The Defendant: I just got child support.
The Court: So you didn't voluntarily do it?
Id. at 12. In response to defense counsel's closing argument that the sole evidence presented was inadmissible hearsay, the trial court responded:
[w]ell if that alone was true, that is fine, but the facts of the case are that the defendant had sex with a 14-year old girl, and there was a resulting baby. So as far as I can figure out in spite of the fact that the defendant says he wants to care for this child he has made no effort to do so in the past ․ I could take that if there was not a young child here involved.
Id. at 19-21. While the facts underlying the defendant's offense are an appropriate consideration when deciding whether to impose a sentence of probation, see 42 Pa. Cons.Stat. Ann. § 9722, the trial court cannot find that a defendant violated probation because of conduct prior to the imposition of the probation. Further, whether or not the defendant voluntarily pays child support or has contact with his child is simply irrelevant to these proceedings; as they were not imposed as conditions of his probation, they cannot be used as a basis for revocation.
¶ 24 Thus, for the reasons discussed above, we find that the Commonwealth failed to show by a preponderance of the evidence that Appellant violated the good behavior clause of his probation. Accordingly, we vacate the judgment of sentence and remand for a new hearing.
¶ 25 Judgment of Sentence VACATED. Case REMANDED for new proceedings consistent with this decision. Jurisdiction RELINQUISHED.
1. 18 Pa. Cons.Stat. Ann. § 3122.1.
2. Appellant cannot be found to have violated the no-contact order based on the activities of third-parties absent evidence that he either induced those activities or conspired with the third-parties.

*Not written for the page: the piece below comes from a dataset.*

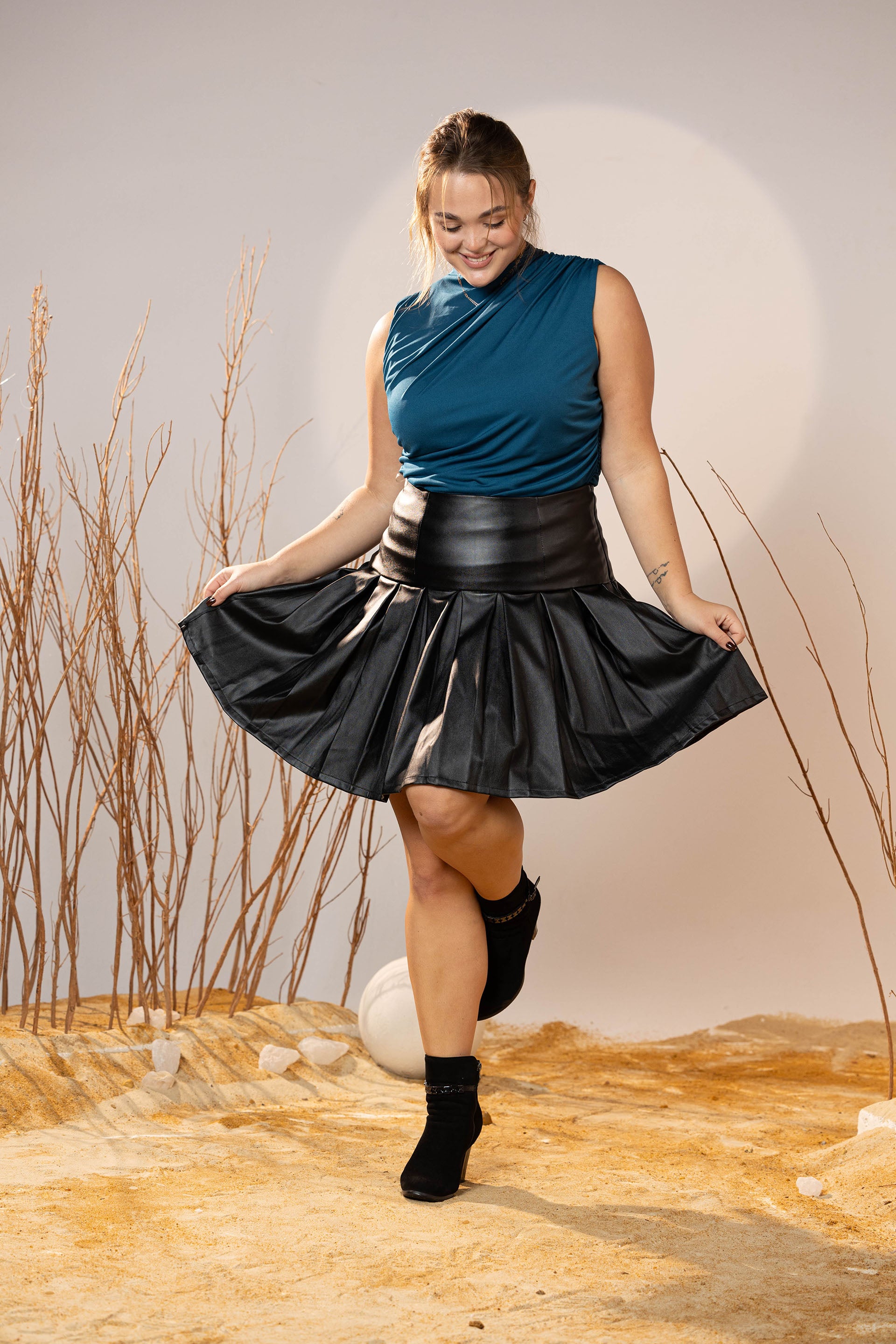 Step into a chic winter look with the Black Pleated Leather Mini Skirt, designed to add shape, movement, and attitude to your outfit. Crafted with a smooth leather-effect fabric, this skirt features structured pleats that flare beautifully, creating volume without bulk.

3. It does not appear that the no-contact order was ever formally reduced to writing.
4. The record does not state his role with the probation office.
5. Appellant did not object to the fact that O'Brien and others were allowed to speak without being sworn. See Commonwealth v. Heilman, 876 A.2d 1021 (Pa.Super.2005) (holding that unsworn statements at a probation hearing are not sufficient to support a finding of violation).
6. While the trial court never directly cites to the letter or the police report, its 1925 decision relies on and references several instances that were not testified to at the hearing.
7. We again note that any statements by O'Brien were unsworn.
8. It is not apparent from the record whether O'Brien was Appellant's probation officer and whether he had any direct contact with the victim, her family, or the police with respect to the incidents.
9. O'Brien briefly mentioned, when listing the charges against Appellant, that he confronted the victim at the street fair. N.T. 1/16/08 at 3. It is not apparent from the record whether this was a separate incident or part of the altercation with the victim's boyfriend. However, the victim's presence during the altercation was never mentioned again and the basis for O'Brien's statement is not apparent.
10. The victim's last name is “Lyle” but this is not the name used by either the victim's mother or her stepfather, so it is somewhat unclear to whom “Officer Newcomer” is referring.
11. The Commonwealth did not present any evidence as to the date of the alleged arrest.